Microglia are tissue-resident macrophages that facilitate immunosurveillance and homeostasis in the central nervous system (CNS)¹^,²^,³. They originate from yolk sac erythromyeloid progenitor cells that colonize the brain during embryonic development⁴^,⁵^,⁶ and are maintained throughout the organism's life span through self-renewal, which involves proliferation and apoptosis⁷. At steady-state, resting microglia have ramified morphology and engage in tissue surveillance⁸^,⁹^,¹⁰.

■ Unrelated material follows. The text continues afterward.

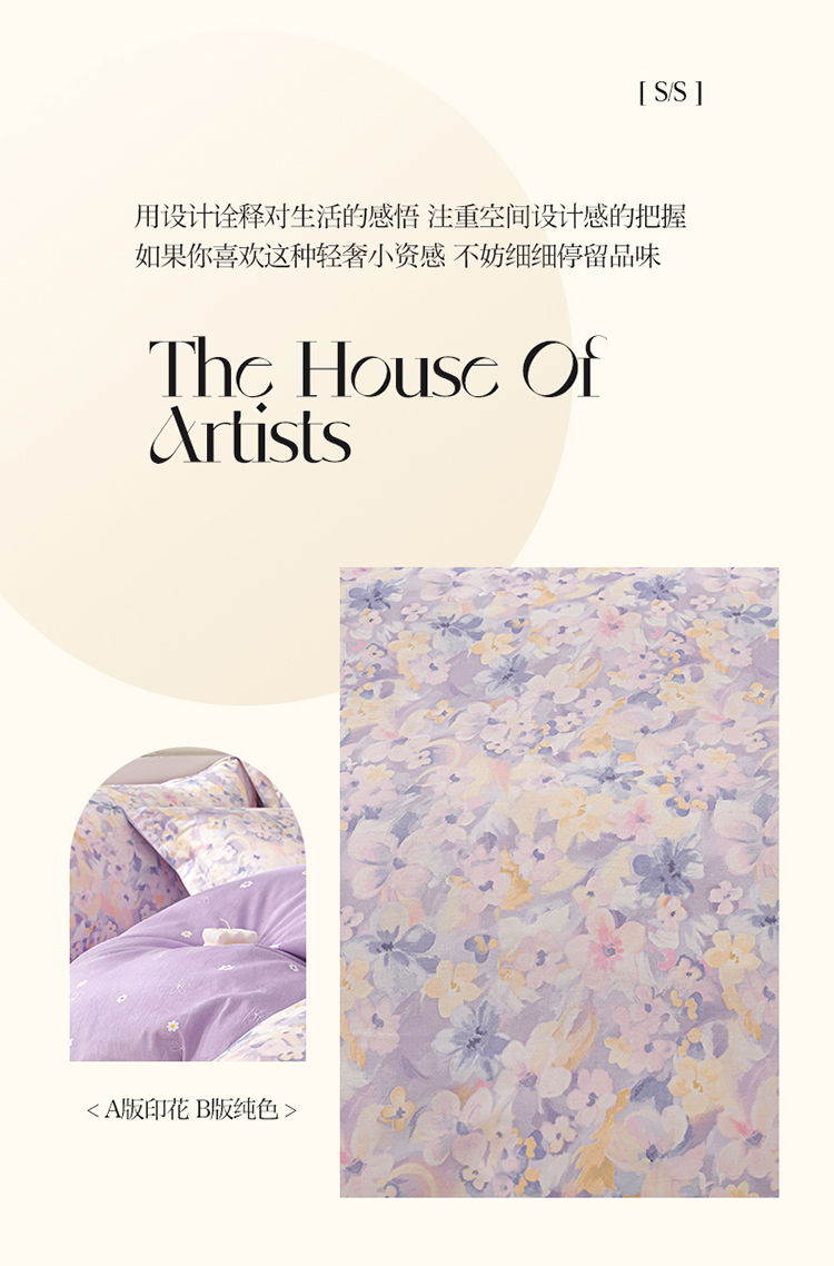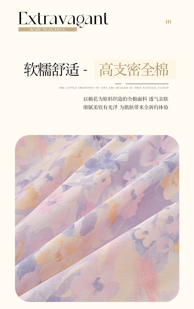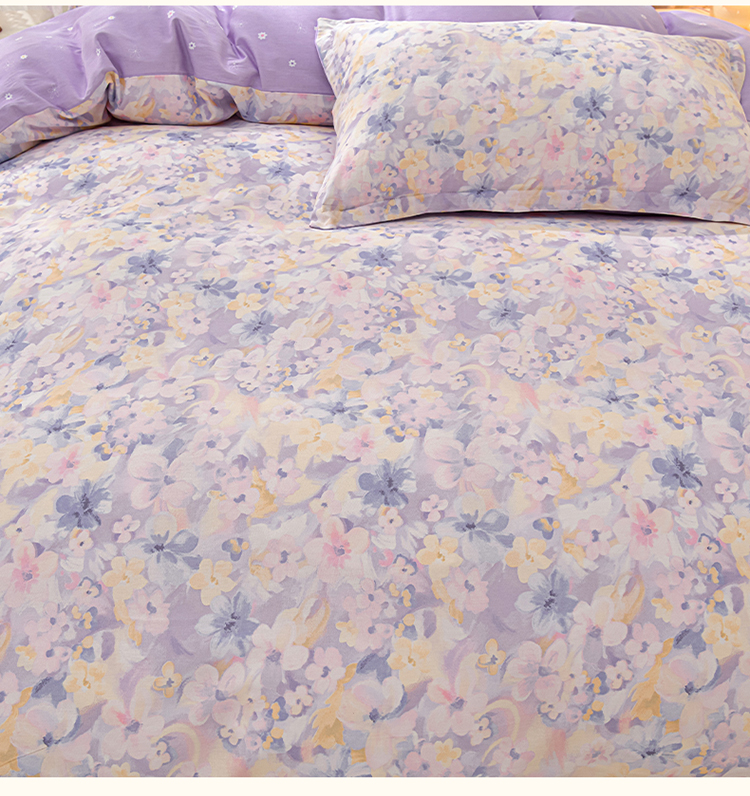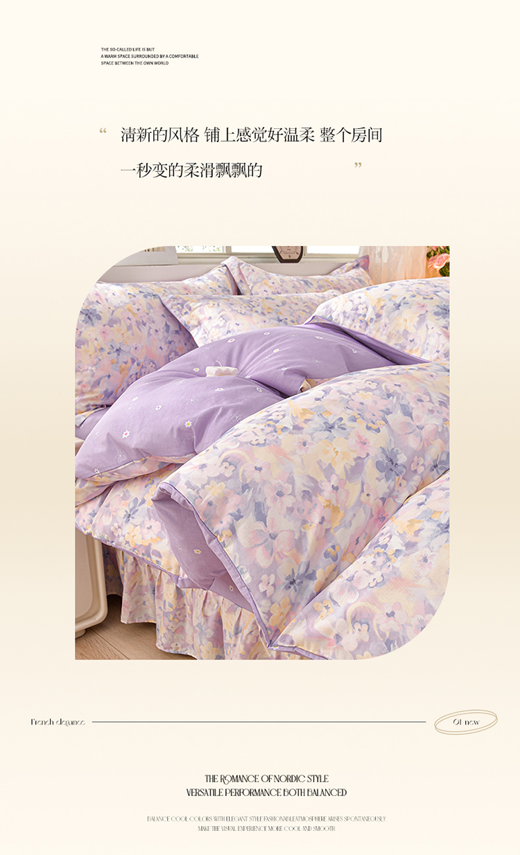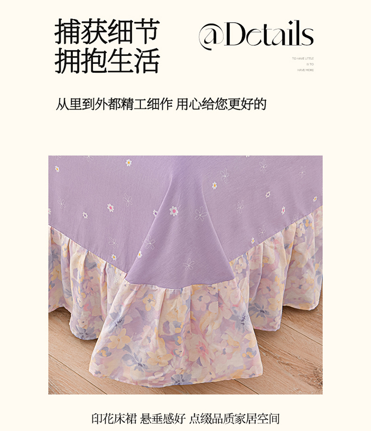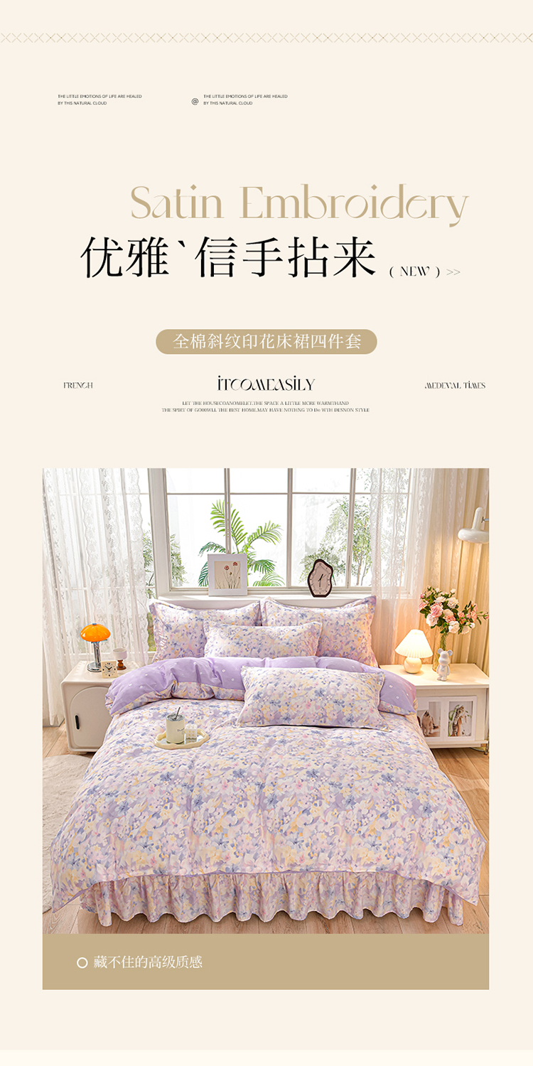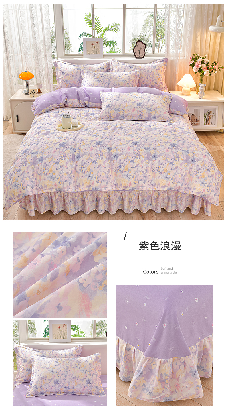 商品名称:绘萱家居 2025新款100%全棉床裙款斜纹印花四件套 紫色浪漫

Microglia express numerous cell-surface receptors, which enables them to rapidly respond to changes in the CNS¹¹^,¹² and to promote inflammatory responses in the event of infections or tissue injury¹²^,¹³^,¹⁴, as well as during neurodegenerative diseases⁹^,¹⁵, such as multiple sclerosis (MS)¹⁶^,¹⁷. Microglia also express receptors to various neurotransmitters and neuropeptides¹⁸^,¹⁹^,²⁰, which suggests they may also respond to and regulate neuronal activity²¹^,²². Indeed, microglia and neurons interact in various forms of bidirectional communication⁸^,²³ such as direct interactions mediated by membrane proteins or indirect interactions through soluble factors or intermediate cells²³^,²⁴.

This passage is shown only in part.